Stealth Takings: Forcing the Current Landholder to Pay for Public Benefits

Apparently, the public wants to preserve the house where the Apple Computer was born.   OK.  So is some private non-profit gathering money to buy it and preserve it?  Has the local town appropriated money to buy it and take it over?

None of the above.  The town is simply designating the house as a landmark, imposing all sorts of new costs on the current owner.  This is a taking, and should be treated as such

It doesn't seem like Patricia Jobs, sister of famed Apple co-founder Steve, is exactly onboard with her family home being designated a "historic resource" by the Los Altos Historical Commission. Not that it matters, anyway. According to the San Jose Mercury News, the decision to preserve the one-story home at 2066 Crist Drive where Jobs got a start building the first Apple computers was made independent of her consent. The distinction, which Patricia can still appeal, also means any renovations/repairs to the home would first have to be reviewed by the commission -- so you can understand why the honor's both a blessing and a curse.

7 Comments

  1. perlhaqr:

    so you can understand why the honor's both a blessing and a curse.

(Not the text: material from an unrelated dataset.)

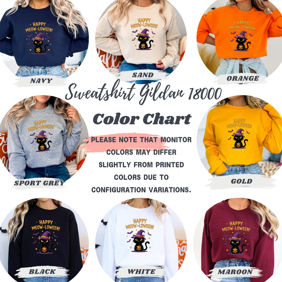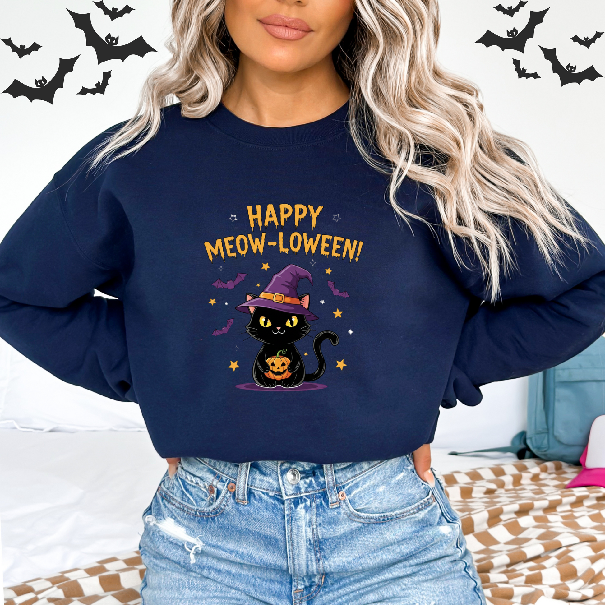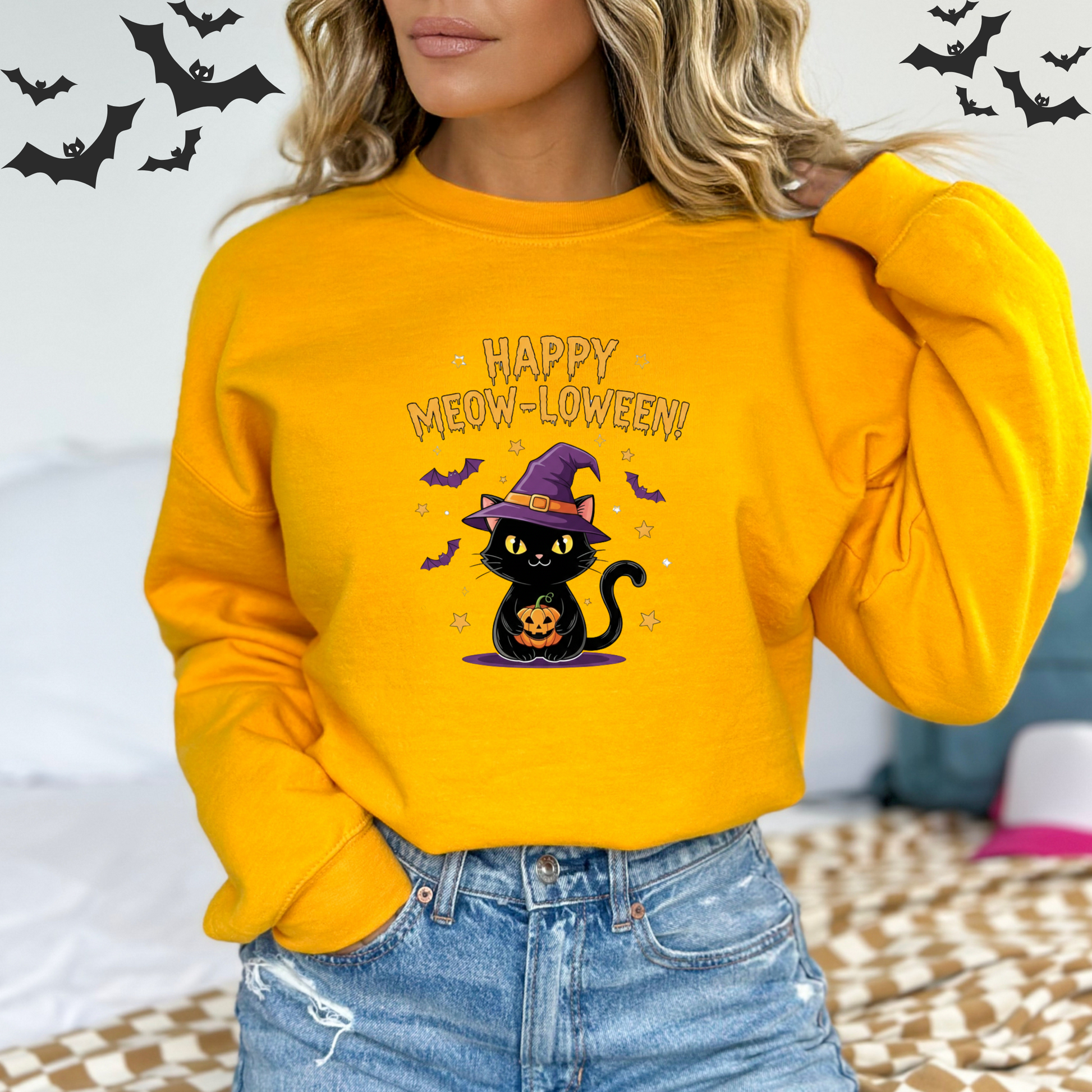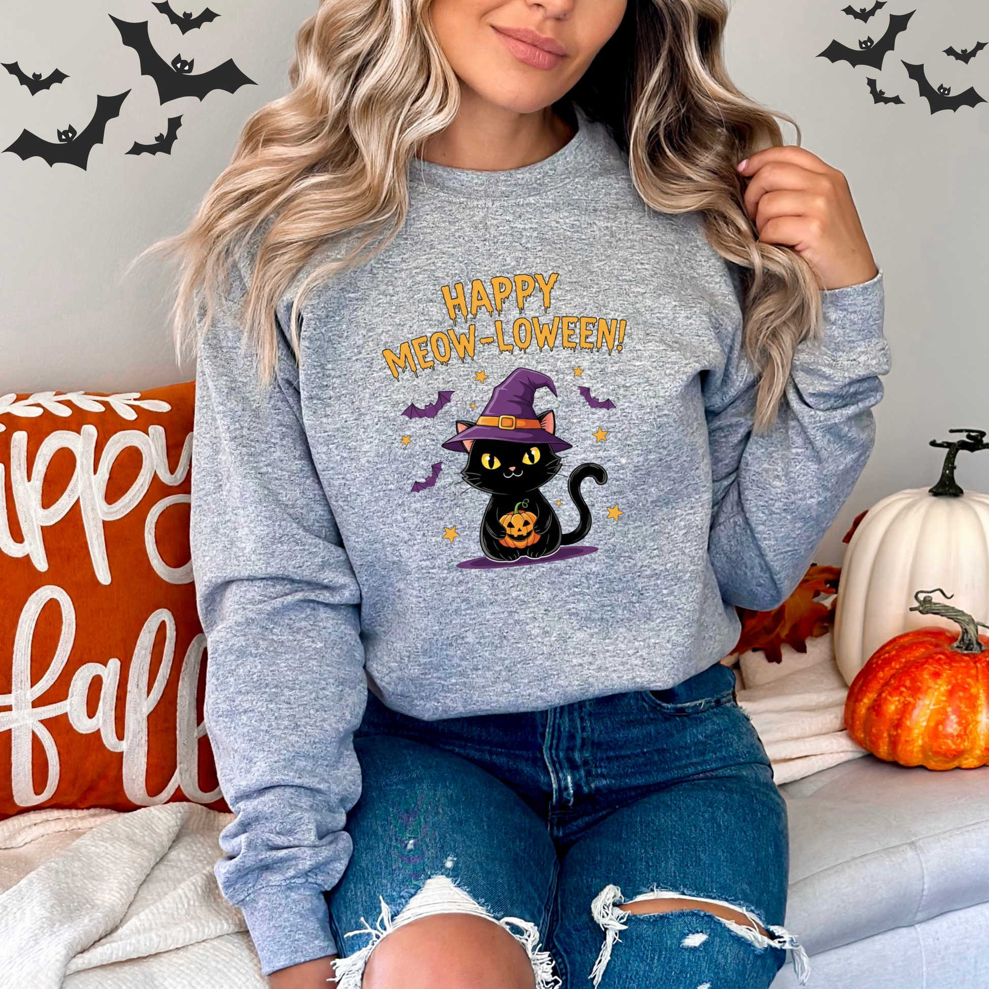 Happy Meow-loween Witchy Cat & Pumpkin Sweatshirt
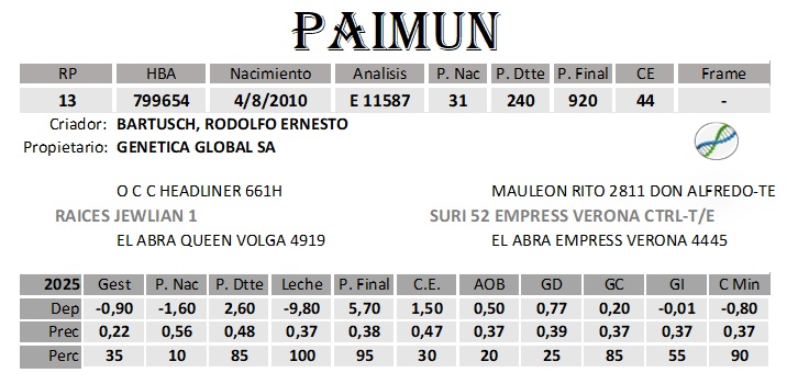Un Pedigree ideal, su padre Sólido, dio gran uniformidad, es hijo de Líder con una vaca de BRU. Su madre tiene líneas maternas de las más buscadas, hija de Catriel por madre, con línea Rainmaker. Toda su genealogía combina toros de bajo peso al nacer y muy buena producción.

    No, actually. "Curse", I get, but in what way is this any sort of "blessing"?

  2. Chris:

    If it were mine I'd burn it. But what do I know I'm just a Ellis Wyatt loving Ayn Rand fan.

  3. Bram:

    My town has a historical society with some sort of supposed town authority. The church I attend operates within their obnoxious restrictions (i.e. trying to repaint 200-year-old wood with lead-free paint). The neighbors simply ignore them,

    When the society shows up to complain about their siding or new roof, the locals ask if they are going to pay for the work. When the answer is "no," they literally turn their backs and tune out the noise.

  4. bigmaq1980:

    Another example of such takings, with far greater impact...so-called "green belts" (and their variations).

    The owners of the land around cities that are designated "green belt" are immediately hit with a reduction in the value of their land as it is no longer develop-able, or is, but at far greater hurdles.

    Often, the ones most hurt by this are farmers who are nearing retirement who would have otherwise been able to reap their reward after years of hard work and living poorly (while "land rich").

    The people who think this is a great idea never think of compensating these victims of their "legal" crime.

  5. Methinks1776:

    Yeah. I too struggle with the blessing part.

  6. David:

    A better way to record the structure would be to use the HABS/HAER mitigation process through the NPS / LoC. There, what would happen is documentation (architectural as-built, protographs, written histories) of the house would be created by the NPS and preserved in the Library of Congress. That way, if something is done to the house, the record of what it was is not lost.

  7. mesocyclone:

    Nothing new here. This is minor compared to the costs private landowners sometimes have to bear for "the general good" on environmental issues.

    The Supreme Court punted on all this when it defined a "taking" (Takings Clause) to mean pretty much a 100% grab.